Nevertheless, I strongly suggest the use of snap-caps anyway. They're cheap insurance.

Whenever you practice with snap-caps, make really, really sure that there is no live ammunition anywhere nearby. All it takes is one mistake.


----------



## SP3 (Nov 25, 2009)

Steve M1911A1 said:


> Most modern pistols are safe to dry fire in practice.
> Nevertheless, I strongly suggest the use of snap-caps anyway. They're cheap insurance.
> 
> Whenever you practice with snap-caps, make really, really sure that there is no live ammunition anywhere nearby. All it takes is one mistake.


Agree with every word. I got some A Zoom's when I bought my 9mm. Work as you'd expect and they are cheap.

As for the 'no live ammo nearby', I don't even have any in the same room.

edit: http://cgi.ebay.com/NEW-A-ZOOM-PREC...377?pt=LH_DefaultDomain_0&hash=item45f91c5a79


----------



## a1bigtuna (Apr 12, 2011)

*Dry firing*

Another method is to use those small rubber ear plugs placed between the hammer and the firing pin/transfer bar. I use that mostly, and only the snap caps when wanting a more realistic feel to dry firing. Of course that won't work on a striker. I have read somewhere about dry firing a particular striker pistol that the mag had to be done a little differently due to a lever rubbing when the mag was out, or something like that. Can't remember the details.

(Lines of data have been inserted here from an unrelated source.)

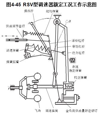 ③額定工況。如圖4-45所示,當駕駛員將加速踏板踩到底,使操縱處于極限位置A時,調(diào)速彈簧達到最大拉伸狀態(tài),此時拉力最大。張緊的調(diào)速彈簧將拉力杠桿拉靠在全負荷供油量限位螺釘上,并通過調(diào)速套筒、導(dǎo)動杠桿和浮動杠桿將供油調(diào)節(jié)齒桿推至全負荷供油位置,亦即柴油機在額定工況下工作。此時,飛塊的離心力與調(diào)速彈簧的作用力平衡。
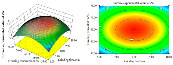 Zn curved surface experimental value and contour map under grinding concentration and grinding time action.
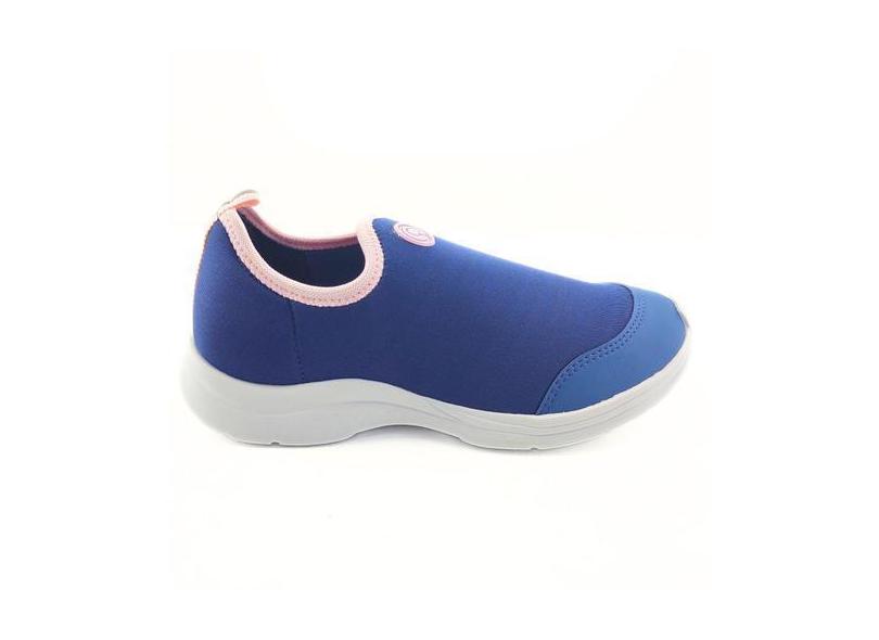 Tenis Infantil Slip On Azul E Rosa Confortável Feminino - Ortope
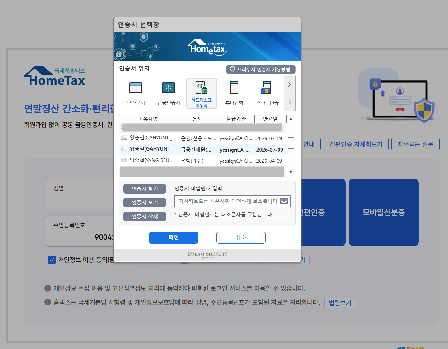 First, enter your name and registration number on the left-hand side, then click one of the following options: 공동,금융인증 / 간편인증 / 모바일신분증
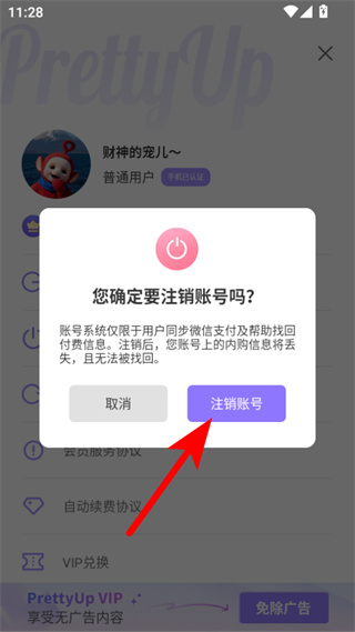 3、在注销确认窗口中,点击注销账号按钮,即可完成账号注销。
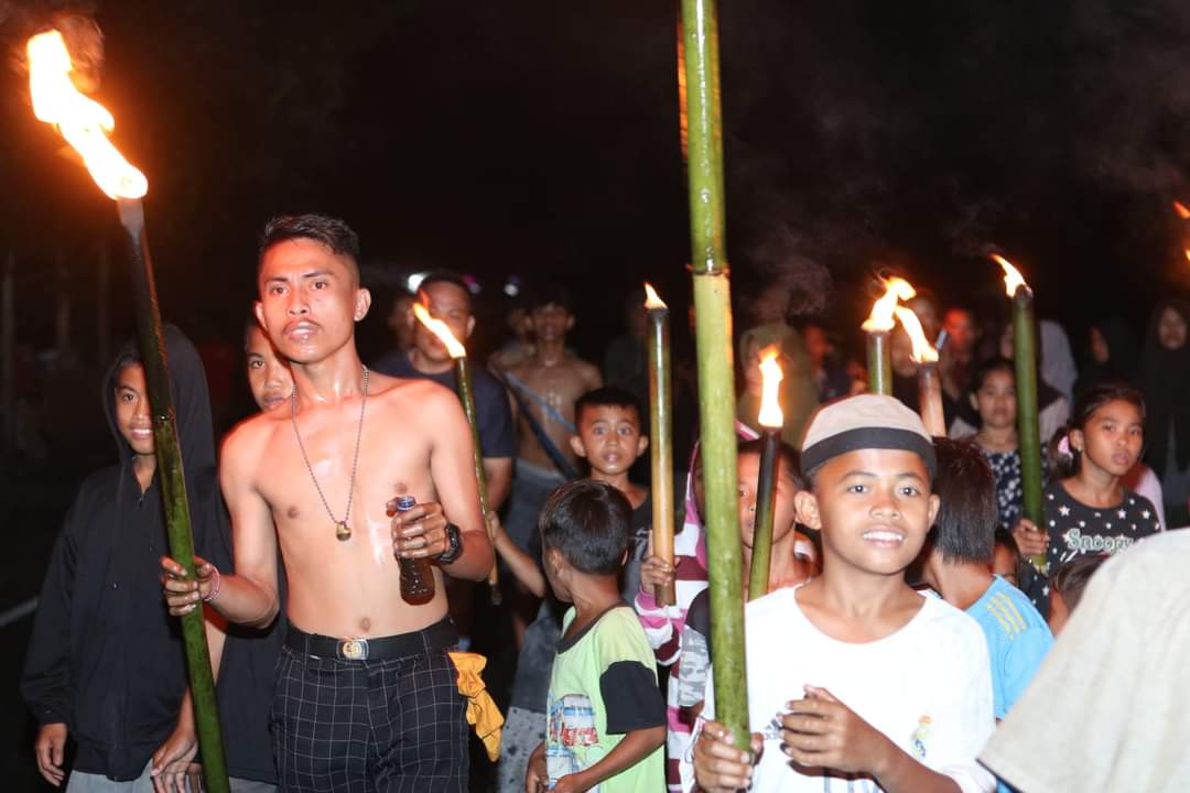 Sulbarupdate.com, MAMUJU – Sejumlah pemuda yang tergabung dalam Remaja Masjid Nurul Kuddus Dusun Serang, Desa Taan, Kecamatan Tapalang, Kabupaten Mamuju sambut Hari Raya Idul Adha 1443 Hijriah dengan takbiran dan pawai obor keliling kampung.

Also, I never have live ammo in the same room.


----------



## Ala Tom (Apr 1, 2011)

I ordered Pachmayr snap caps along with some defense ammo and got it yesterday for my MP40. The caps have a brass base and a plastic body that is tough enough to withstand loading into a magazine, chambering and ejecting without getting torn up. I began to realize as I first loaded a magazine with the real stuff and set it aside and then loaded another one with the blue and gold snap caps that it was very dangerous having the two magazines within reach. I quickly put the real stuff away so I could concentrate on practice firing. I ran the five caps through the gun at least 6 times. It gives you plenty of practice racking the slide. But I could concentrate on the sights through the trigger pull and could fine tune my finger motion to minimize sight movement. That is good practice that I will be repeating every few days.


----------



## zebramochaman (May 6, 2010)

I was taught that dry-firing center fire firearms is harmless to the gun and that the only firearms not to dry-fire without the use of snap caps are rim fire guns because the firing pins make contact with edge of the chamber. Have I been misguided? I hope not because I do a lot of dry firing with my guns.


----------



## Gunners_Mate (Feb 17, 2010)

I've never been able to imagine dry firing a firearm to have any negative effect on the weapon. It goes through with and was intended for so much more stress in so many different ways during live fire.


----------